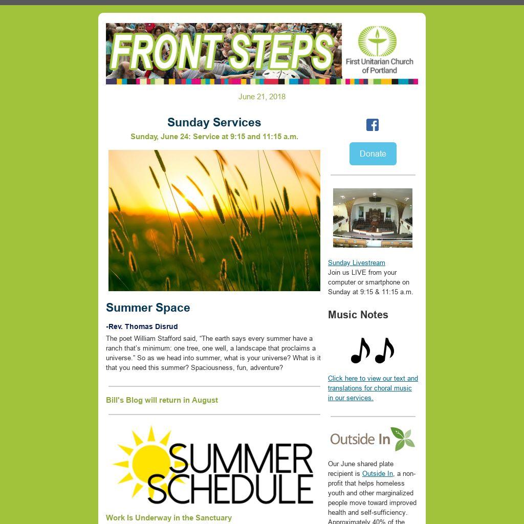 Do You Have an Item for E-news or the Sunday Bulletin?If you have an item you’d like published in our weekly Front Steps (eNews) or the Sunday Bulletin, please submit it to:
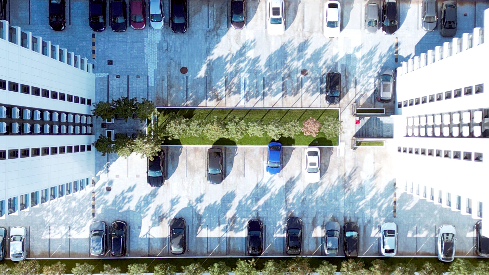 • Între blocul 1 și 2: zonă verde de tranziție, si o intrare cu copertină din alucobond și iluminare ambientală, integrată armonios în limbajul fațadelor ventilate.
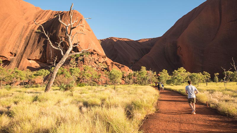 Travellers walking through Uluru Kata Tjuta National Park
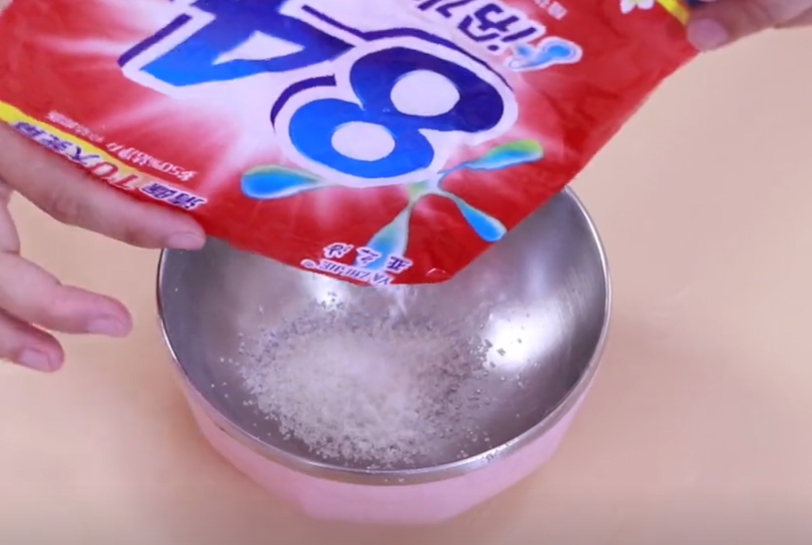 接下来我们在里面加入洗衣粉,洗衣粉可以多倒一些。

* **THE PROBLEM**: Write out the material above exactly; no pictures.

* **FINISHED TASK**:
 Do You Have an Item for E-news or the Sunday Bulletin?If you have an item you’d like published in our weekly Front Steps (eNews) or the Sunday Bulletin, please submit it to:
 • Între blocul 1 și 2: zonă verde de tranziție, si o intrare cu copertină din alucobond și iluminare ambientală, integrată armonios în limbajul fațadelor ventilate.
 Travellers walking through Uluru Kata Tjuta National Park
 接下来我们在里面加入洗衣粉,洗衣粉可以多倒一些。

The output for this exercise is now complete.